In other cases, Ekborn syndrome has specific causes and is called secondary RLS, which may respond to treatment well, and reduce RLS symptoms. Iron deficiency is a major cause that can be addressed by taking iron supplements. Pregnancy can result in temporary cases of Ekborn syndrome. RLS may become a symptom of conditions like thyroid disease, Parkinson’s disease, certain forms of arthritis, diabetes, and some autoimmune conditions. Managing these conditions can help people overcome RLS in many cases. Certain types of secondary RLS, like that resulting from Parkinson’s disease may be much harder to treat, since treatment for the primary illness remains elusive.

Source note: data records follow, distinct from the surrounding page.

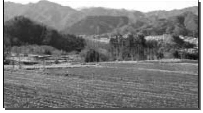
▲菜園/ハーブなどに触れることができるほか、農産物の収穫を体験できます。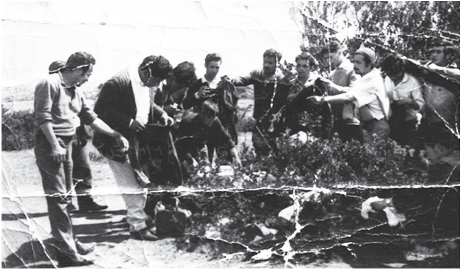
Camarín litre o boldo: jugadores del club deportivo Poderoso, cancha de Placeres Alto Década del '60.

“...después de la Villa Berlín fuimos a una cancha que quedaba más arriba que la población El Progreso, camino a Santiago. Eso era un puro peladero, no tenía camarines, no tenía agua, no había nada y llegábamos a patita no más, no llegaban las micros. Nos cambiábamos ropa entremedio de las matas, estaban los camarines boldo y litre. La cancha estaba llena de piedras y ramas esos de espinos y la íbamos limpiando mientras íbamos jugando, esa cancha era disporeja, el arquero del arco de abajo - pal' lado de huaso chaguino-, no veía a los jugadores que estaban en el otro arco, solo los veía cuando se le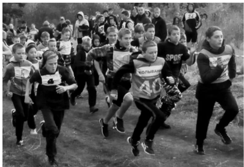
В легкоатлетическом кроссе «Золотая осень-2017» приняли участие свыше 120 учеников из 11 школ района

Подготовили И. Блинова, Е. Сметанина.

Anyone can get Ekborn syndrome, though it is most likely to occur in people who are 40 or older. The senior citizen population seems to suffer the most from it, and the condition tends to get progressively worse as one ages. It is not unusual for the condition to occur in children or young adults, and in most cases treatment is required to help avoid complications of the syndrome.
The basic symptoms that must be present in order to diagnose RLS are the following:
1. Feeling a need, unconsciously expressed, that one must move the legs.
2. When moving the legs voluntarily, some of the symptoms are reduced.
3. More severe symptoms occur at night or during periods of relaxation during the day.
Many things can be attempted to help sufferers with Ekborn syndrome. First off, many people benefit from getting iron supplements, regularly exercising, and reducing intake of foods with stimulants like caffeine. Certain drugs can exacerbate the problem, and when possible, these are eliminated. For instance, taking antihistamines or cold medicine can increase symptoms. Finding steroidal area specific antihistamines can help reduce allergies without increasing symptoms. Some people benefit from a diet lower in gluten and simple starches.
Many people do require additional medical treatments to address RLS. Drugs that increase dopamine levels are frequently used, including ropinirole, one of the newest drugs to emerge for the treatment of both Parkinson’s disease and RLS, and pramipexole. Some people with Ekborn syndrome are better aided by taking sleep medications or tranquilizers, pain relievers like codeine, or anticonvulsants.
When RLS is controlled through medication, diet, and occasionally alternative therapies like acupuncture, many people find great improvement in their symptoms. This can overall have an extremely beneficial effect on their quality of life. With fewer symptoms come better sleep, more opportunities to relax, and the chance to live a fully normal life.